The containers were chosen, it is said, because of the difficulty of constructing foundations on sandy ground, but emblematically they announced that the Jungle was a transit camp pretending to be a refuge. As human cargo, the migrants were adrift in being stuck. First carried to Lampedusa or Lesbos, then aiming to cross the English Channel. The containers were calculated to remind them that their journey was interrupted, not concluded. Some had hidden in containers on ships to get to Europe. Now their way forward, if they could find it, was again in containers on lorries, going to Dover. As Safi says in The Jungle:
I thought this was a place, but it’s not. It’s between places. It doesn’t exist. We’re in burzakh, purgatory, waiting on the Judgement, in perfect view of the motorway, for everyone to see. A warning to the world. Don’t come. Don’t try. Refugees, migrants, whatever we fucking are. But not people, Ali. We’re between people. Drowning in this sea of suffering. (105)
Agier and his colleagues report that the containers were not allowed to be domesticated or personalised. They must retain their functional anonymity, without posters or photos on the walls, owned by the state. This gives more pathos to the boy in the Byrne poem, holding onto his token of family, “the picture of his dead uncle.” The evidence and reminder of connection is also an icon of loss. There were hundreds of unaccompanied minors in the Jungle. Many of them were run over on the motorway, like Norullah in the play, trying to get onto trucks, or were simply lost track of when police broke up the camp. What happens to lost children is not a happy thought.
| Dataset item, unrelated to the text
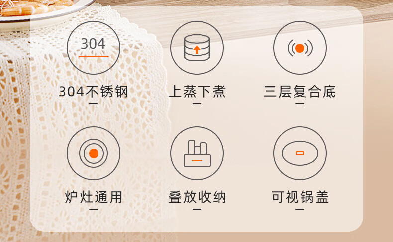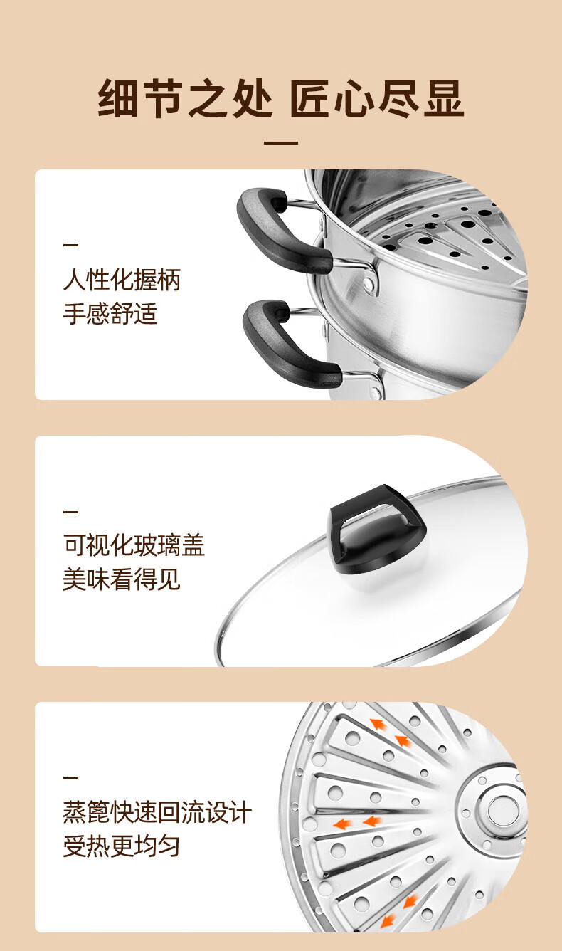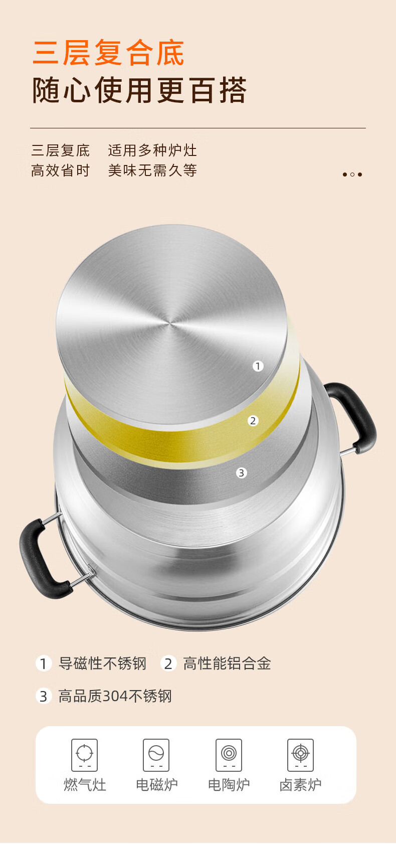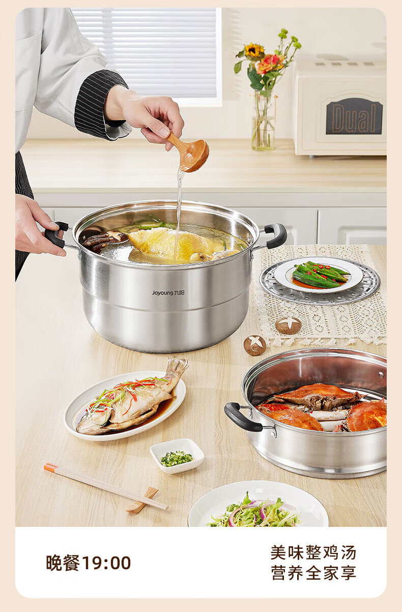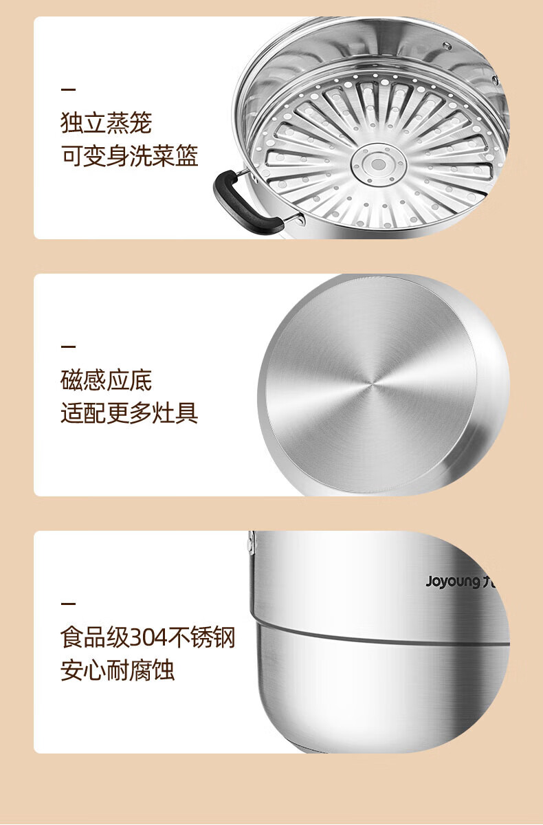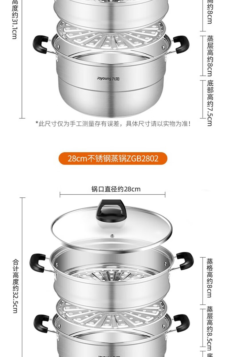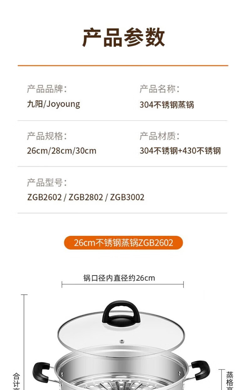Joyoung Steamer 304 stainless steel household steamer thickened double layer large capacity soup pot steamed buns large steamer steamed bun pot 30CM double layer - ZGB3002 2 layers 30cm

The best text to end with is Jeff Hilson’s “A Final Poem with Full Stops” (2017), which deals “with the ongoing and ignored tragedy of European migration.”Footnote 45 This means not just those crossing the Mediterranean or the Aegean and making their way north but the Roma, whose ill-treatment down the centuries testifies to Europe’s intolerance of its own inner migrants. The entire long poem should be quoted because the meaning of any part of it depends on its extent, yet any part of it would do if you wanted a summary. There is no catastrophe beyond every sentence, no full stop except all of them. Tragic structure does not crystallize. Form is but minimally available and every trajectory is aborted, while an insidious, addictive quality to the sequence of abrupt deaths half numbs the reader, as though caught in a loop of reporting on TV or radio.
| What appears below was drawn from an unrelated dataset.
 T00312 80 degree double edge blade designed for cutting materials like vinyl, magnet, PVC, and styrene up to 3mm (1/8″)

If there is a development, it comes in a shift in the meaning of “reportedly” from what is merely reported to what covers suffering up, or aims to, without deceiving anyone, much as “died or killed” becomes an empty distinction as the losses fall into patterns and are revealed as systematic. Migrant tragedy is in so many instances this, a series of variants on the same, all coming to a full stop:
found dead in a bus shelter. & drowned. reportedly. in a drifting boat & in a dinghy. roma. no name. found dead in a cargo ship. jumped. reportedly. jumped off the bridge and died. died or killed. killed in a factory fire & killed on a freight train … drowned near kos & drowned giving birth [you will remember]…. hit by a bus. died in a van. died after being left alone…. drowned in the aegean & drowned near lampedusa. drowned in the channel of otranto. reportedly. reportedly hit by a police boat. & died. died or killed…. found dead. roma. found dead in the snow. found dead after sixteen days at sea. ignored by NATO [sounds familiar]. no name.Footnote 46
Stop anywhere, is the message, but stop.